◆ **THE DATA**

========================================================================

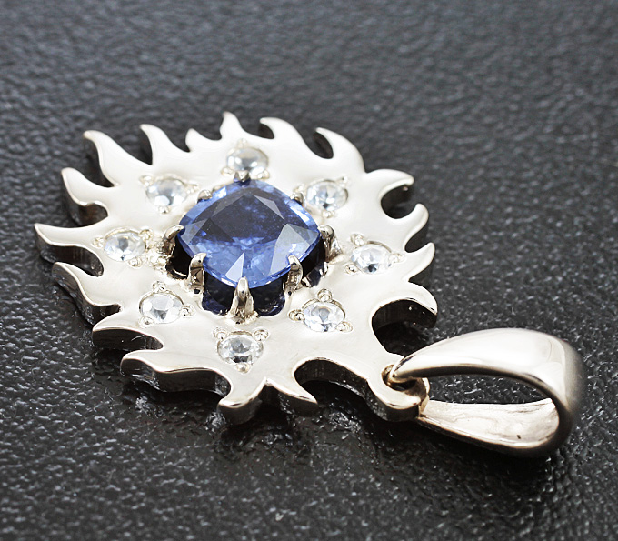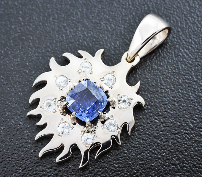 Кулон с синим и бесцветными сапфирами
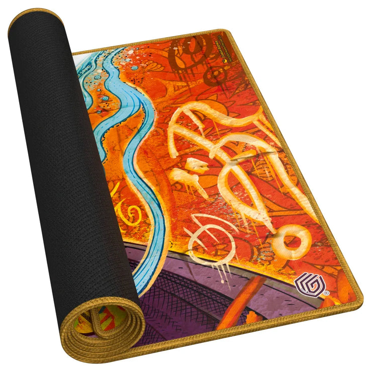 The Play-Mat in the standard size 61x35cm shows officially licensed artworks from Magic: The Gathering's set Aetherdrift. The soft cushioned Play-Mat with non-slip underside improves the gaming experience, protects gaming cards and accessories, and is even more durable than classic Play-Mats thanks to its stitched edges.
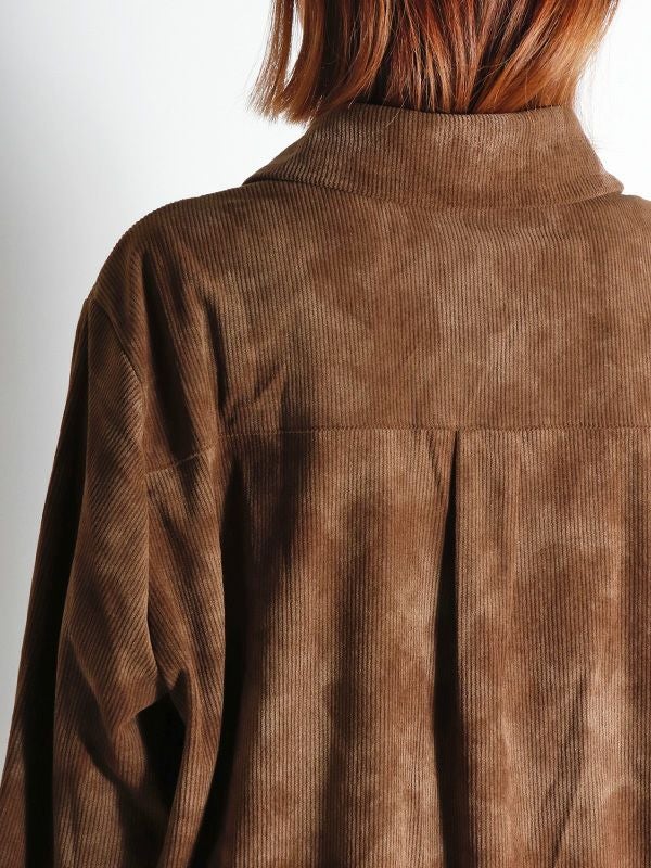 コーデュロイに施したニュアンス感のある染めを施した生地が特徴のレギュラーカラーのオーバーサイズシャツ。リラックスフィットの余裕を感じさせるシルエットが、気負いのない軽やかな着こなしを演出します。カジュアルでありながらもヴィンテージな存在感を併せ持つ、大人のための1枚です。スタイリングはスラックスやワイドパンツと、大人なハンサムスタイルをお楽しみいただくのがおすすめ。
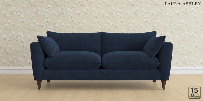 6.12.1 Buy Casterton by Laura Ashley 3 Seater Sofa Alwyn Velvet Midnight Navy Low Turned - Chestnut from the Next UK online shop Click here to use our accessible website

========================================================================

Output the full material exactly as given, without its pictures.

 Кулон с синим и бесцветными сапфирами
 The Play-Mat in the standard size 61x35cm shows officially licensed artworks from Magic: The Gathering's set Aetherdrift. The soft cushioned Play-Mat with non-slip underside improves the gaming experience, protects gaming cards and accessories, and is even more durable than classic Play-Mats thanks to its stitched edges.
 コーデュロイに施したニュアンス感のある染めを施した生地が特徴のレギュラーカラーのオーバーサイズシャツ。リラックスフィットの余裕を感じさせるシルエットが、気負いのない軽やかな着こなしを演出します。カジュアルでありながらもヴィンテージな存在感を併せ持つ、大人のための1枚です。スタイリングはスラックスやワイドパンツと、大人なハンサムスタイルをお楽しみいただくのがおすすめ。
 6.12.1 Buy Casterton by Laura Ashley 3 Seater Sofa Alwyn Velvet Midnight Navy Low Turned - Chestnut from the Next UK online shop Click here to use our accessible website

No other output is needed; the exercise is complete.